◆ Work to be completed
Output exactly the lines from the first line of the records below through the line containing "An antique painted pine corner cabinet", both included, leaving out any pictures.

◆ Record excerpts
+ + + +
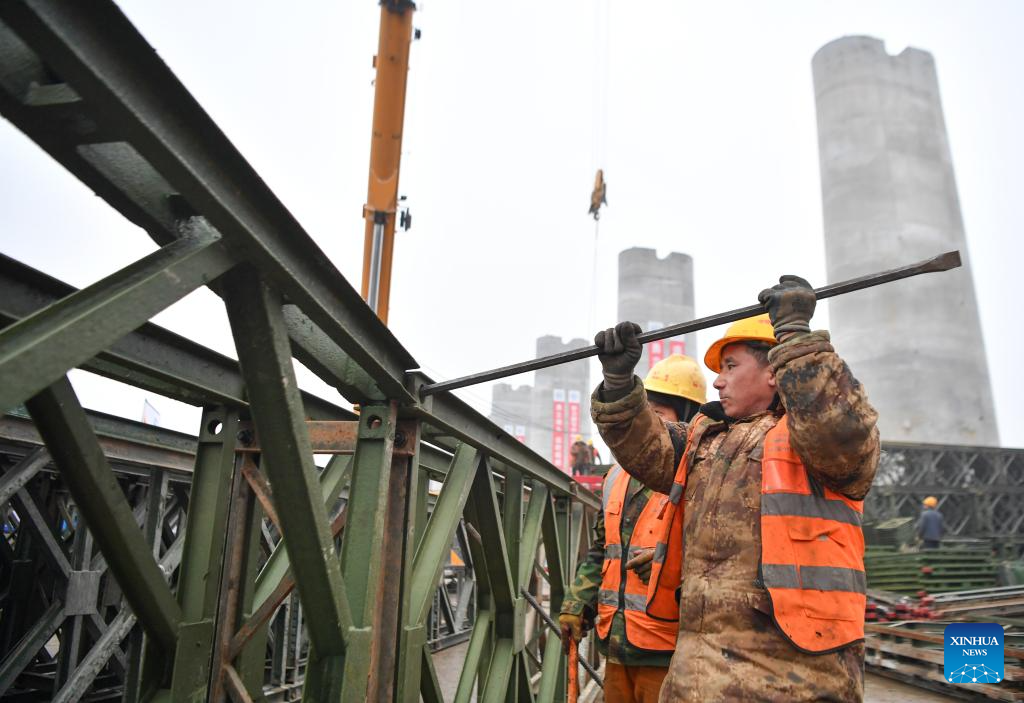 Workers of the China Railway 20th Bureau Group operate at the construction site of the Weihe River super major bridge of the Xi'an-Yan'an High-Speed Railway in Xi'an City, northwest China's Shaanxi Province, Jan. 25, 2024. Shaanxi Province has weathered several rounds of cold waves so far this winter, with temperatures plummeting to minus 26 degrees Celsius in Yan'an City, but constructors are still beating the adverse weather with normal operations at the construction site along the Xi'an-Yan'an High-Speed Railway.
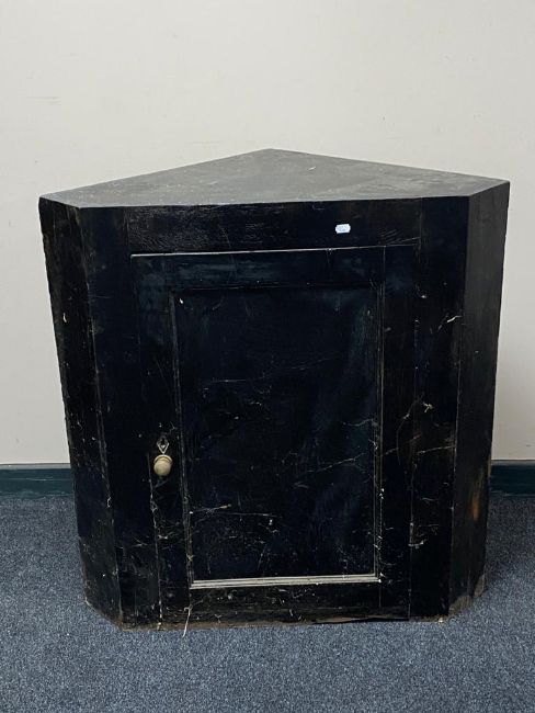 An antique painted pine corner cabinet
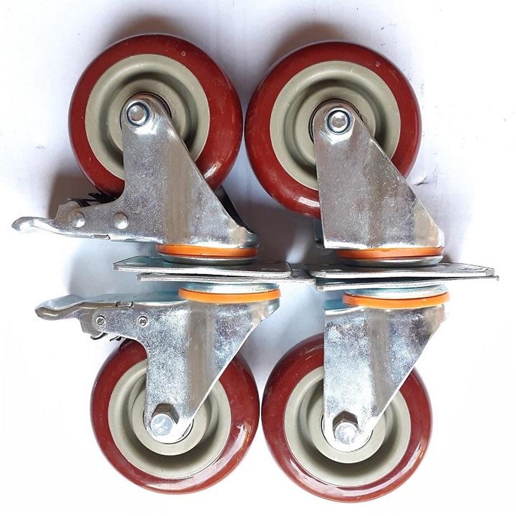 ----Combo 4 bánh xe đẩy hàng chịu lực cao+ Gồm 2 bánh xoay và 2 bánh xoay có khóa - Đường kính bánh xe d=7cm ,10 cm - Kich thước mặt bích, chiều cao vui lòng xem trên hình - Tải trọng một bộ / 4 bánh xe 180~220 kg. - Giá thành rẻ hình thức đẹp phù hợp với thẩm mĩ của khách hàng. - Di chuyển đa mặt sàn - Chất liệu nhựa PU cao cấp có ma sát tốt,chống mài mòn, khung théo không rỉ - Ổ bi trơn tru đã có sẵn mỡ bôi trơn, đai ốc chắc chắn - Màu đỏ mận Bánh xe đẩy lăn nhẹ nhàng, đỡ tốn sức. Bánh xe có lốp bằng PU màu đỏ nên có thể chịu được xăng, dầu mỡ, lốp PU có độ đàn hồi nhẹ nên di chuyển cũng ít gây tiếng ồn
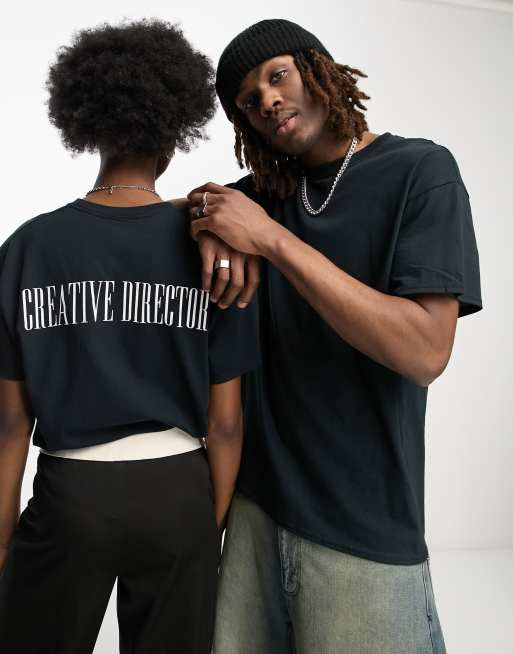 COLLUSION Unisex - Sort T-shirt med 'Creative Director'-slogan
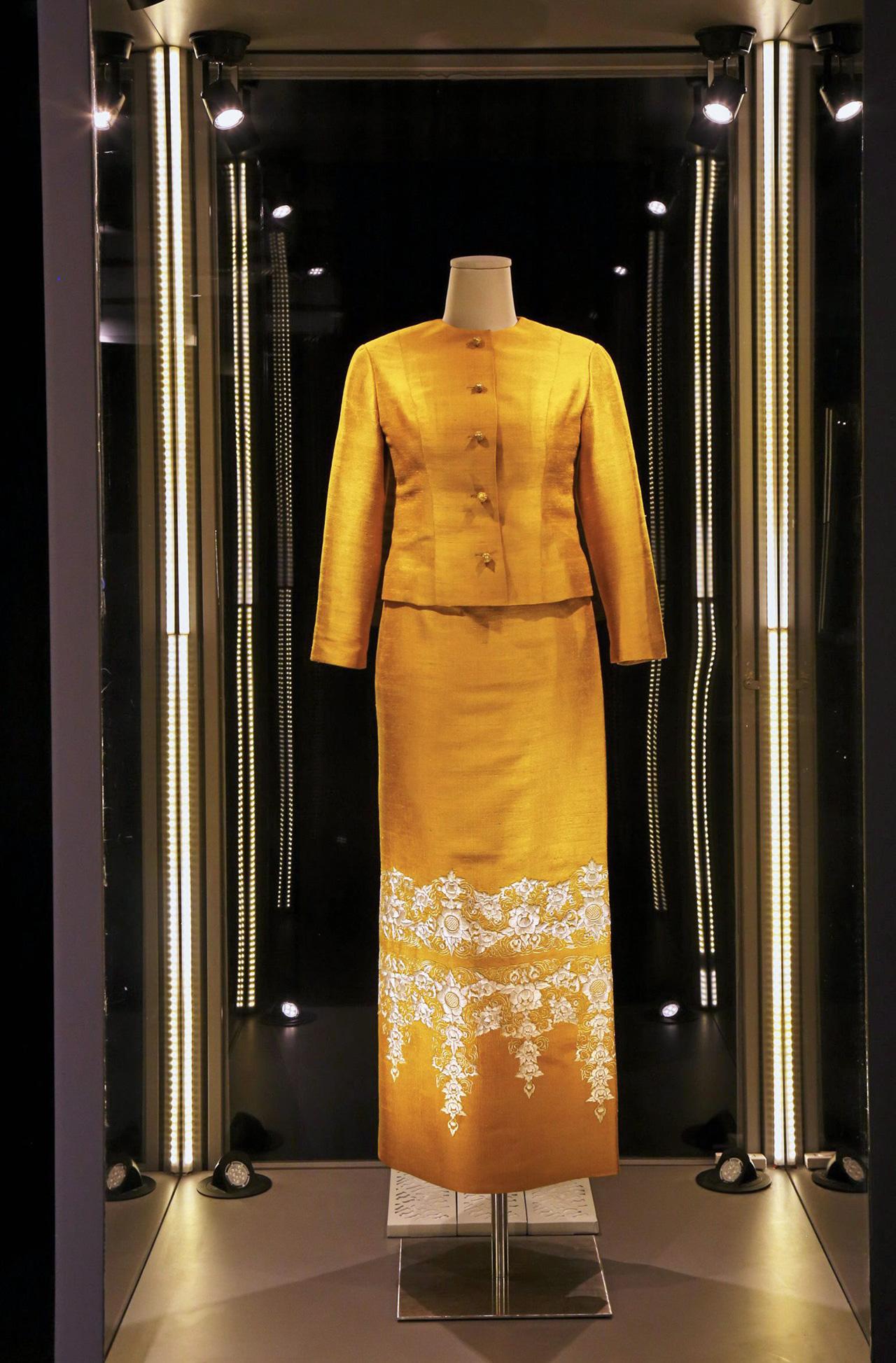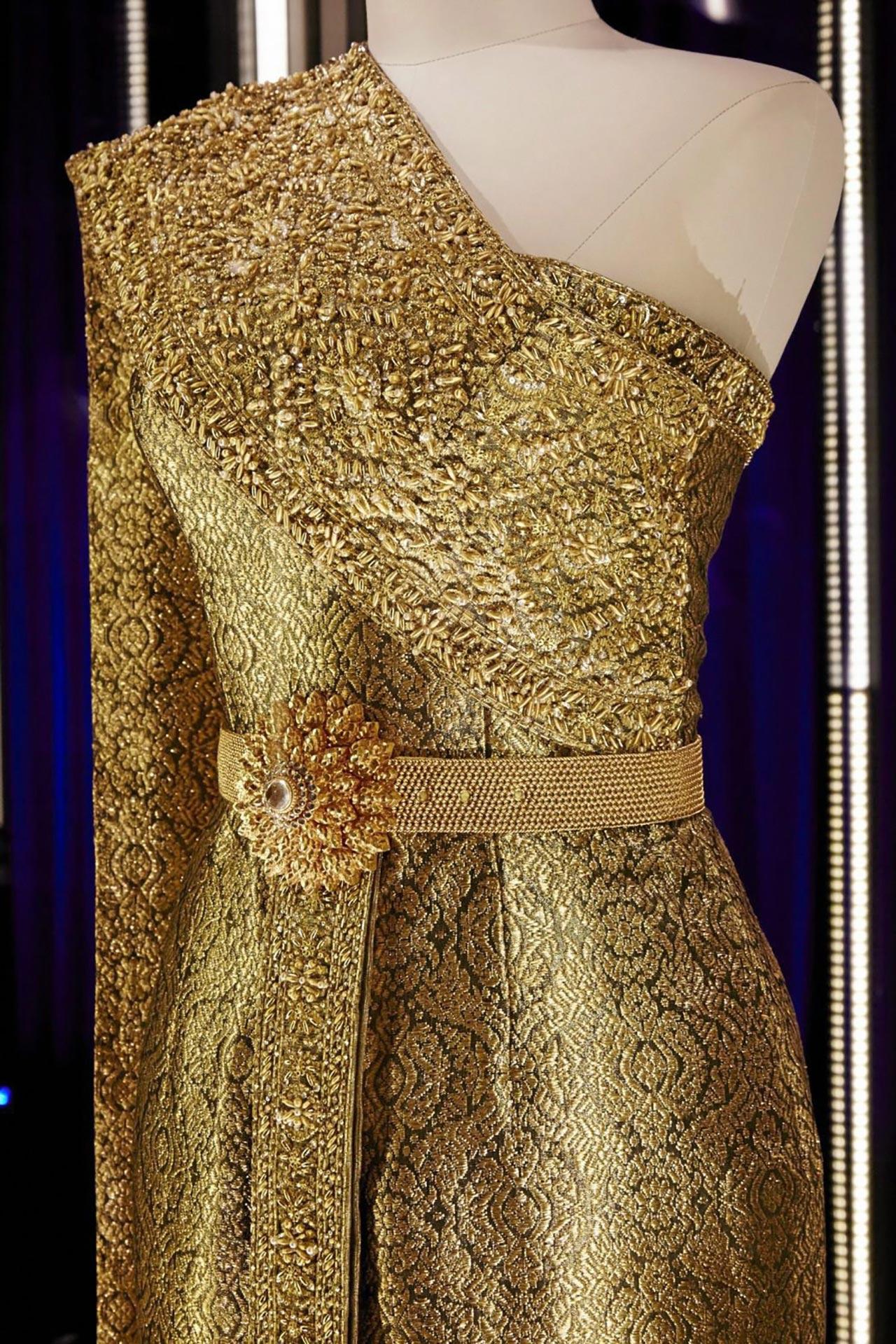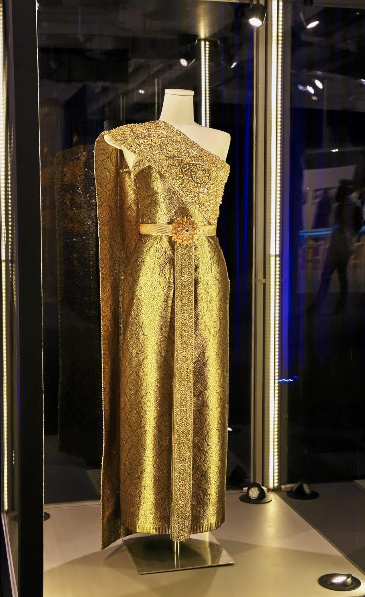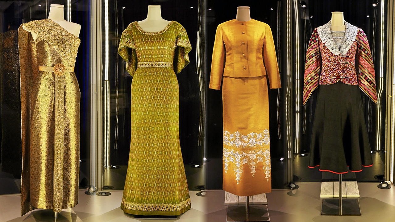 ฉลองพระองค์ที่นำมาจัดแสดง 7 องค์ ได้แก่ ชุดไทยจักรี ที่ทรงในการเสด็จฯไปในงานเลี้ยงอาหารค่ำ ซึ่งสหพันธ์พิทักษ์เด็กจัดขึ้นเนื่องในโอกาสครบรอบ 50 ปีของสหพันธ์ฯ ที่นครนิวยอร์ก สหรัฐอเมริกา เมื่อปี 2524 ฉลองพระองค์นี้ ตัดเย็บจากผ้ายกทองลายโคมพุ่มข้าวบิณฑ์สีทอง ปักประดับบริเวณสไบและจีบหน้าด้วยลูกปัดสีทองและลูกปัดมุก โดยสถาบันปักเลอซาจ สถาบันช่างปักชั้นสูงของประเทศฝรั่งเศส ออกแบบโดย ปิแอร์ บัลแมง นักออกแบบเสื้อผ้าชื่อดังระดับโลก เจ้าของห้องเสื้อ Balmain, ชุดไทยเรือนต้น ออกแบบโดย ห้องเสื้อนายน้อย ตัดเย็บจากผ้าไหมพื้น ปักประดับด้วยเส้นไหม สมเด็จ พระนางเจ้าฯ พระบรมราชินีนาถ ทรงเมื่อครั้งโดยเสด็จพระบาทสมเด็จ พระเจ้าอยู่หัว เสด็จฯไปทรงบำเพ็ญพระราชกุศลถวายผ้าพระกฐิน ณ วัดคูยาง จ.พิษณุโลก ปี 2515, ฉลองพระองค์แบบสากล ตัดเย็บจากผ้าไหมพื้นสีนวล และผ้าฝ้าย ตกแต่งบริเวณปลายแขนและชายพระสนับเพลา ด้วยผ้าปักชาวไทยภูเขา อีกองค์เป็นการตัดเย็บจากผ้าชาวไทยภูเขาเผ่าเย้า ผ้าลูกไม้ และผ้าใยสังเคราะห์ สุดท้าย ตัดเย็บจากผ้าไหมมัดหมี่ ผ้าลูกไม้ ผ้าใยสังเคราะห์ ปักประดับด้วยปีกแมลงทับ ไหมเงิน ไหมทอง เลื่อม และลูกปัด
+ + + +
◆ Answer box
 Workers of the China Railway 20th Bureau Group operate at the construction site of the Weihe River super major bridge of the Xi'an-Yan'an High-Speed Railway in Xi'an City, northwest China's Shaanxi Province, Jan. 25, 2024. Shaanxi Province has weathered several rounds of cold waves so far this winter, with temperatures plummeting to minus 26 degrees Celsius in Yan'an City, but constructors are still beating the adverse weather with normal operations at the construction site along the Xi'an-Yan'an High-Speed Railway.
 An antique painted pine corner cabinet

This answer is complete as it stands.